----- Collected data -----
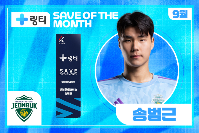 전북 현대 송범근이 2025시즌 9월 K리그 ‘의사가 만든 링티 이달의 세이브’를 수상했다.
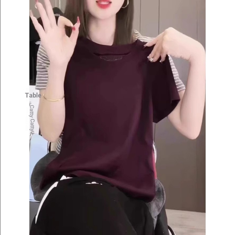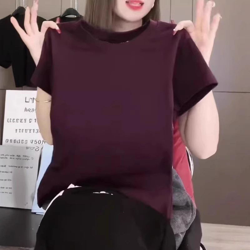 Fat MM Plus Size Áo Thun Nữ Tay Ngắn Top 2026 Phong Cách Mới Bán Chạy Hàn Quốc Sang Trọng Sang Trọng Cổ Tròn Retro Màu Trơn
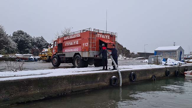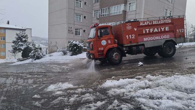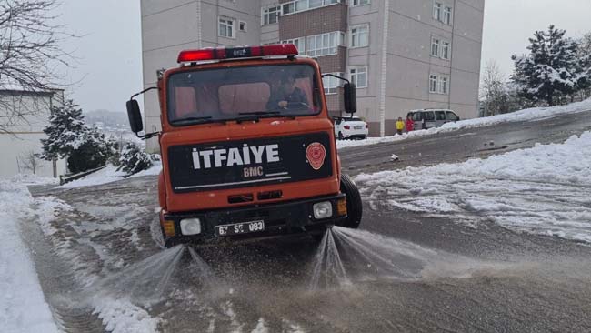 Zonguldak'ın Alaplı ilçesinde yoğun kar yağışı nedeniyle kapanan yollar itfaiye ekiplerinin denizden aldıkları tuzlu su ile açılıyor. Alaplı Belediye Başkanı Tekin,’ Deniz suyu kullanarak buzlanmanın hızlı çözülmesini sağlamak için uzun yıllar bu yöntemi kullanıyoruz’ dedi.
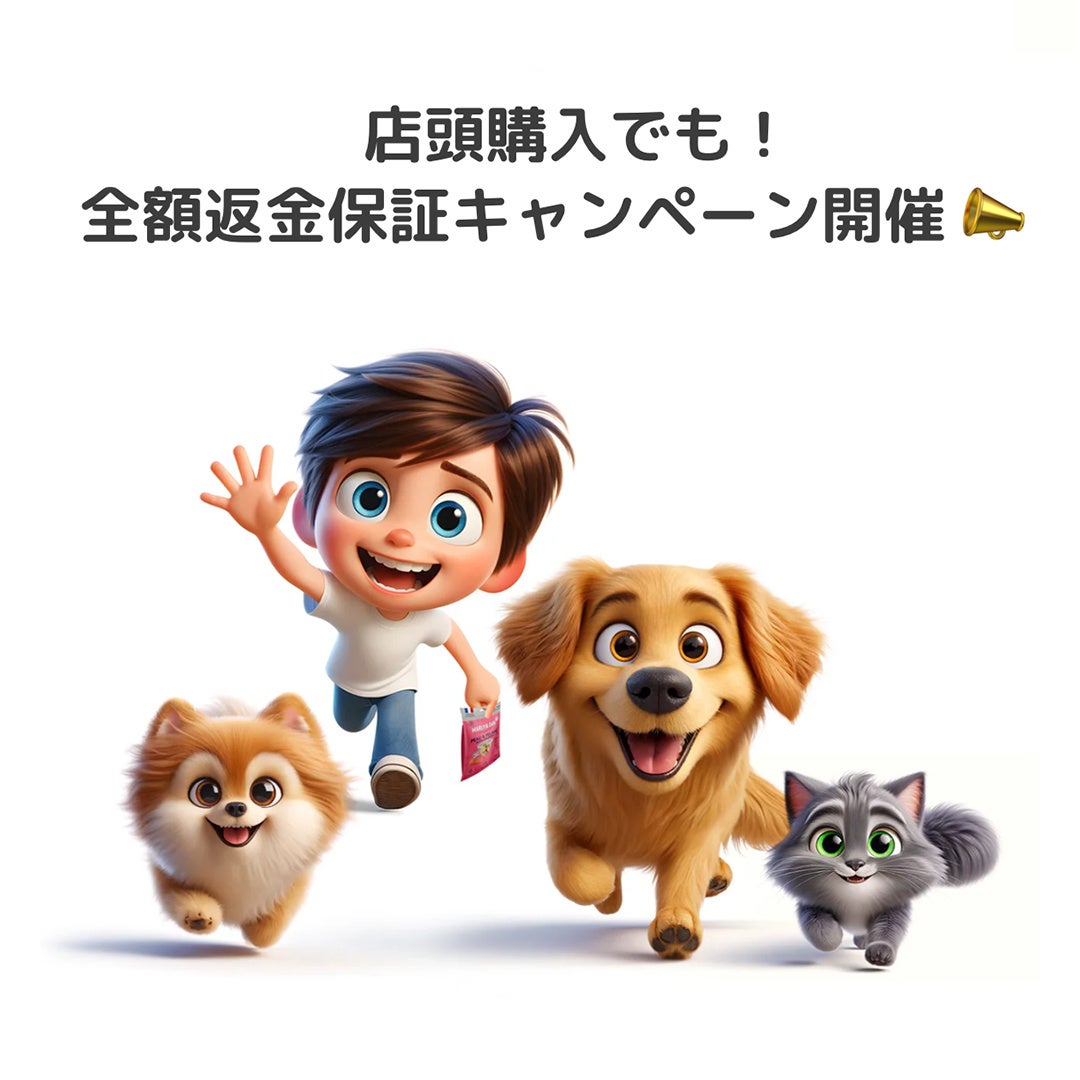ペットショップなどの店舗でも安心してご購入いただけるよう、初回購入に限り、ワンちゃんが食べなかったら全額返金します:レシート有効期限2025年2月1日(日)~2025年4月27日(日)
-----
**Description of the task**.
Starting with the line that contains "Fat MM Plus", reproduce every line to the end of the material above, both end lines included, exactly and with no pictures.

**Finished exercise**.
 Fat MM Plus Size Áo Thun Nữ Tay Ngắn Top 2026 Phong Cách Mới Bán Chạy Hàn Quốc Sang Trọng Sang Trọng Cổ Tròn Retro Màu Trơn
 Zonguldak'ın Alaplı ilçesinde yoğun kar yağışı nedeniyle kapanan yollar itfaiye ekiplerinin denizden aldıkları tuzlu su ile açılıyor. Alaplı Belediye Başkanı Tekin,’ Deniz suyu kullanarak buzlanmanın hızlı çözülmesini sağlamak için uzun yıllar bu yöntemi kullanıyoruz’ dedi.
ペットショップなどの店舗でも安心してご購入いただけるよう、初回購入に限り、ワンちゃんが食べなかったら全額返金します:レシート有効期限2025年2月1日(日)~2025年4月27日(日)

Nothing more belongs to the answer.